## Data
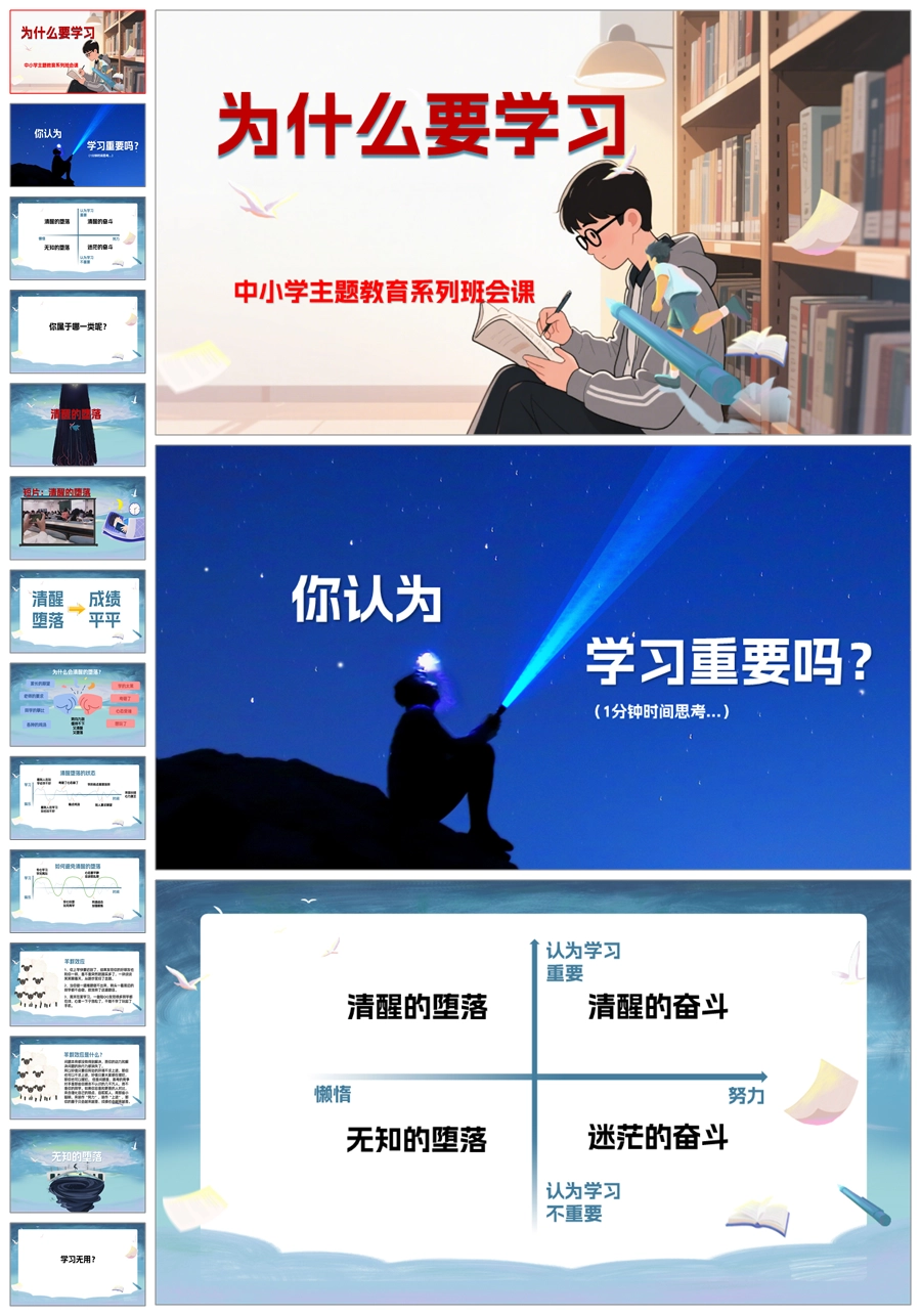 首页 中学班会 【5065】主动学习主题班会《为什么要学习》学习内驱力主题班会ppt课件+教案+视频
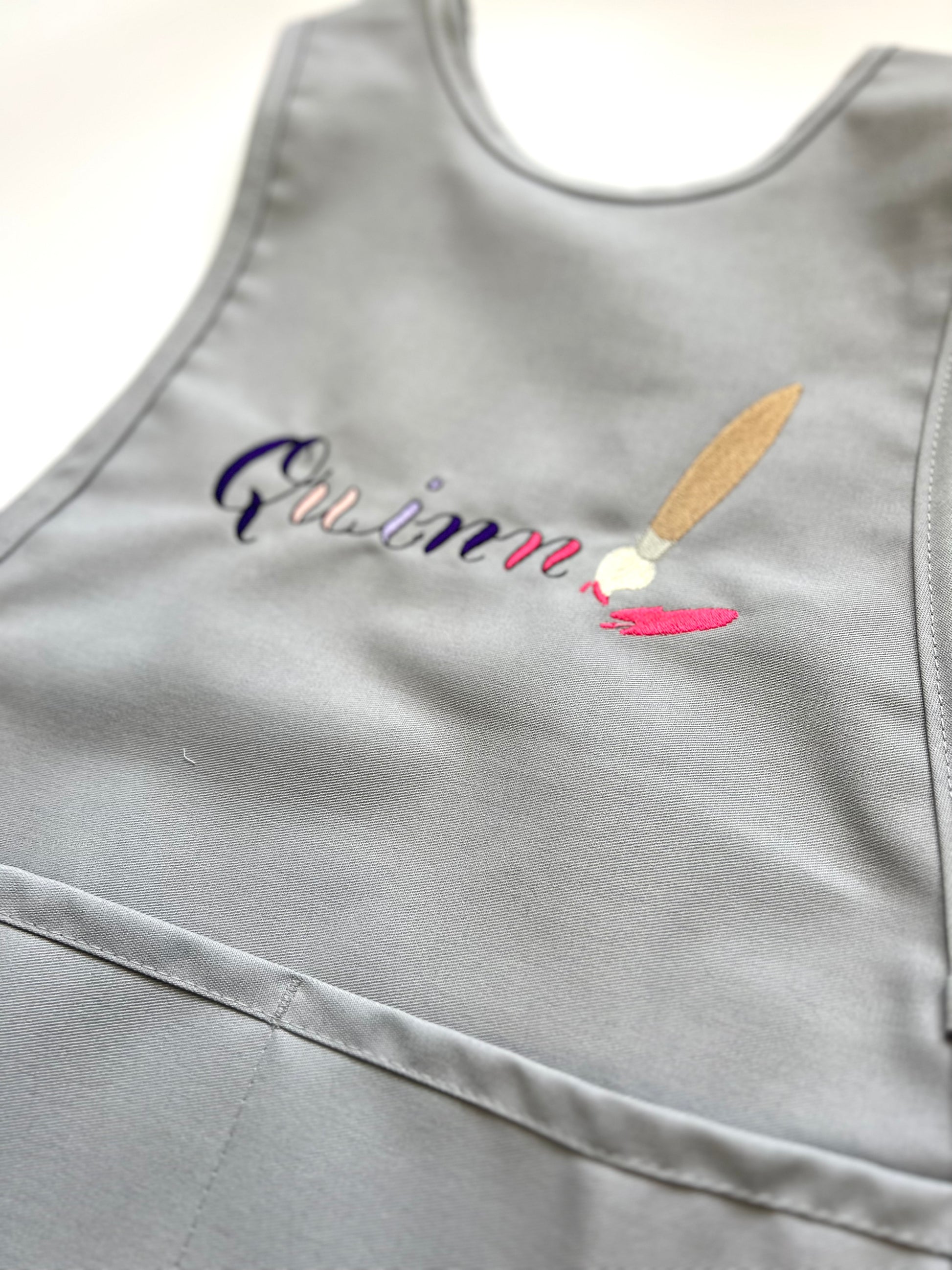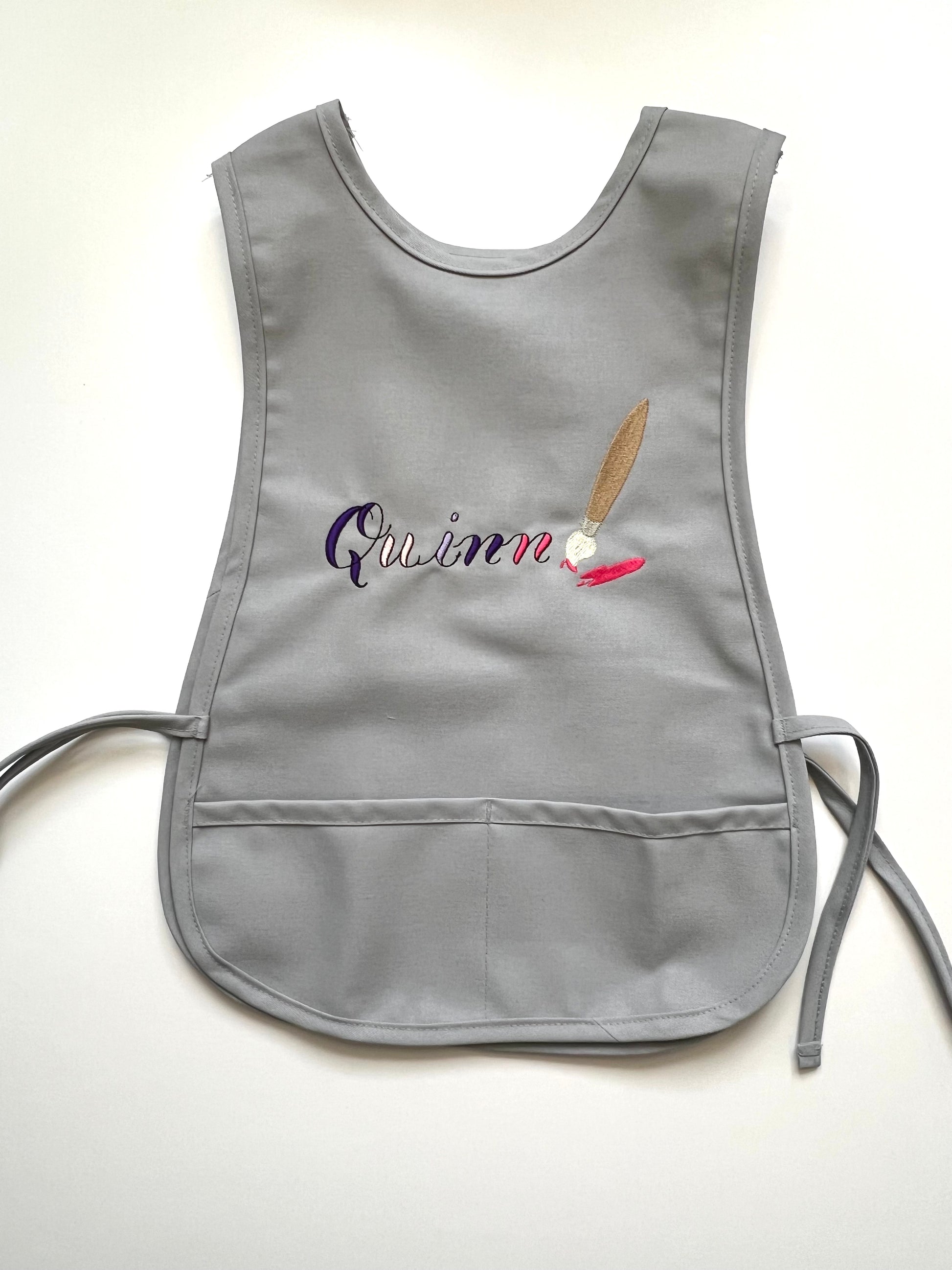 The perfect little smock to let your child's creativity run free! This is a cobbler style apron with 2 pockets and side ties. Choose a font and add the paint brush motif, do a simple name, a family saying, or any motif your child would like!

* * *

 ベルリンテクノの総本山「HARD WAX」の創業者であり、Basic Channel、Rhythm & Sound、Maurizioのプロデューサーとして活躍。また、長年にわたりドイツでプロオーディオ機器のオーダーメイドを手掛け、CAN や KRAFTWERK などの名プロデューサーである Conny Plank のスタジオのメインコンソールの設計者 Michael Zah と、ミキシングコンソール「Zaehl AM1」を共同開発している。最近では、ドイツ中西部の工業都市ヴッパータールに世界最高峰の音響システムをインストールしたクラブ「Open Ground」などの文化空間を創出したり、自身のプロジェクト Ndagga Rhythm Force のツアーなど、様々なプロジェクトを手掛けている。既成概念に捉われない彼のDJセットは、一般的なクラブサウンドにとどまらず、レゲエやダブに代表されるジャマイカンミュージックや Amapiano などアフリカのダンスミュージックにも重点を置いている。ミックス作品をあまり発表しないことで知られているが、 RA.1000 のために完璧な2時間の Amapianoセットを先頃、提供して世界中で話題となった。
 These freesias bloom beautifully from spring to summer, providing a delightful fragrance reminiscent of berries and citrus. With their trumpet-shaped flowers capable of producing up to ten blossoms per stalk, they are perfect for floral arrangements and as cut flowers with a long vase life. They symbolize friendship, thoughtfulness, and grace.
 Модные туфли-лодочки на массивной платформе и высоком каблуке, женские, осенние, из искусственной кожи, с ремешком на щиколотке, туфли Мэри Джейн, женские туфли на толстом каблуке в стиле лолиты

## Activity
Output, from the data above, the lines from the line with "These freesias bloom" to the line with "Модные туфли-лодочки на" exactly as they stand, both ends included and nothing else.

## Answer below
 These freesias bloom beautifully from spring to summer, providing a delightful fragrance reminiscent of berries and citrus. With their trumpet-shaped flowers capable of producing up to ten blossoms per stalk, they are perfect for floral arrangements and as cut flowers with a long vase life. They symbolize friendship, thoughtfulness, and grace.
 Модные туфли-лодочки на массивной платформе и высоком каблуке, женские, осенние, из искусственной кожи, с ремешком на щиколотке, туфли Мэри Джейн, женские туфли на толстом каблуке в стиле лолиты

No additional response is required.